Featured image of post Datadog vs Grafana Dashboards

Datadog vs Grafana Dashboards

When comparing dashboards between Datadog and Grafana, we often find discrepancies between them. Even though both Datadog and Grafana scrape metrics from the same source, we see vastly differing visualizations and we often wonder which has a better accuracy compared to the source of truth. In this blog post, we explore the discrepancies between Grafana and DataDog dashboards and how we can resolve/understand them. We begin by giving a brief overview on the data (or metrics) being collected.

Openmetrics

Openmetrics is the standard for collecting metrics. It supports text format representation that allows applications and infrastructure resources to post text-based metrics on an endpoint (eg. https://xxx:8080/metrics) and allow agents to scrape (collect) metrics from that webpage. An example of the text-format metrics is shown here: https://prometheus.io/docs/instrumenting/exposition_formats/#text-based-format.

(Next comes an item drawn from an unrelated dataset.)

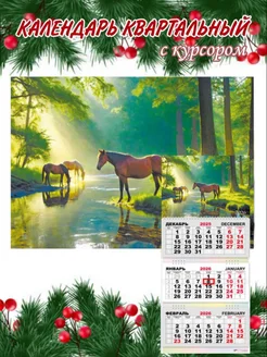Календарь квартальный трехблочный 2026 в офис год лошади
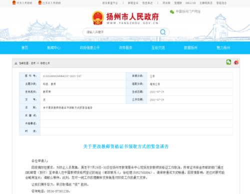 發(fā)布《關(guān)于更改教師資格證書

We follow this methodology and allow Prometheus and Datadog agents to scrape metrics. Here is an example:

 1
 2
 3
 4
 5
 6
 7
 8
 9
10
11
...
am_request_latency_seconds_bucket{endpoint="/healthz",le="7.5",method="GET"} 782.0
am_request_latency_seconds_bucket{endpoint="/healthz",le="10.0",method="GET"} 782.0
am_request_latency_seconds_bucket{endpoint="/healthz",le="+Inf",method="GET"} 782.0
am_request_latency_seconds_count{endpoint="/healthz",method="GET"} 782.0
am_request_latency_seconds_sum{endpoint="/healthz",method="GET"} 0.18804121017456055
am_request_latency_seconds_sum{endpoint="/healthz",method="GET"} 0.18804121017456055
# HELP am_request_count Answering Machine Request Count
# TYPE am_request_count counter
am_request_count{endpoint="/",http_status="400",method="GET"} 72.0
am_request_count{endpoint="/healthz",http_status="200",method="GET"} 782.0

From viewing the metrics, we notice two types:

  • Summaries (metrics that end in _sum and _count)
  • Histograms (metrics that end in _bucket)

Summaries

Based on the description of a summary: https://prometheus.io/docs/concepts/metric_types/#summary:

  • the total sum of all observed values, exposed as <basename>_sum
  • the count of events that have been observed, exposed as <basename>_count

Note that they are counters and so they are always increasing. For more reference, please visit here: https://prometheus.io/docs/practices/histograms/#count-and-sum-of-observations.

For the usecase going forward for summaries, we’ll use am_request_count metric as example.

Grafana Dashboard for Request Count for /healthz endpoint

The graph shown below is for the Last 15 minutes of the Request Count for /healthz endpoint. As you can see, the value is almost-flat at 55 - 56 req/sec. An important note about a Grafana dashboard is that the smallest granularity (or shortest interval) between data points is 30 seconds if the time period (highlighted in yellow box on the first screenshot below) is small enough from Last 5 mins till Last 3 hours. After that, it becomes 1 min, 2min, 4min etc. for longer time periods (Last 6 hours, Last 12 hours,…).

grafana_graph

The Prometheus query is: am_request_count:sum(endpoint=~"$endpoint").

Prometheus dashboard

From looking at the Prometheus dashboard above, we can confirm the value stays within 55-56.

DataDog Dashboard for Request Count for /healthz endpoint

Now we replicate the same Grafana dashboard:

DataDog

As you can see, the values are widely different (values fluctuate around 25-30). Why?

Main cause of discrepancy: Data Interval Granularity

Datadog’s granularity is 5 secs (as opposed to 30 secs in Grafana) for the Past 15 Minutes. Also, Datadog’s interval increases as the time period widens (same as Grafana). The main reason is that Datadog has a restriction of maximum 300 datapoints in the graph (regardless of the time period). Thus, as the time frame widens, each data point will represent more and more of an aggregated value (and vice versa if time period is shortened).

Therefore, not much aggregation happens for Past 15 minutes time period in DataDog. Now, if we aggregate to 30 secs, the graph look similar to Grafana as shown below:

grafanaAggGraph.

Conclusion

Grafana does a lot of aggregation compared to Datadog. For more information regarding data aggregation in DataDog, please refer to: https://docs.datadoghq.com/dashboards/querying/#rollup-to-aggregate-over-time.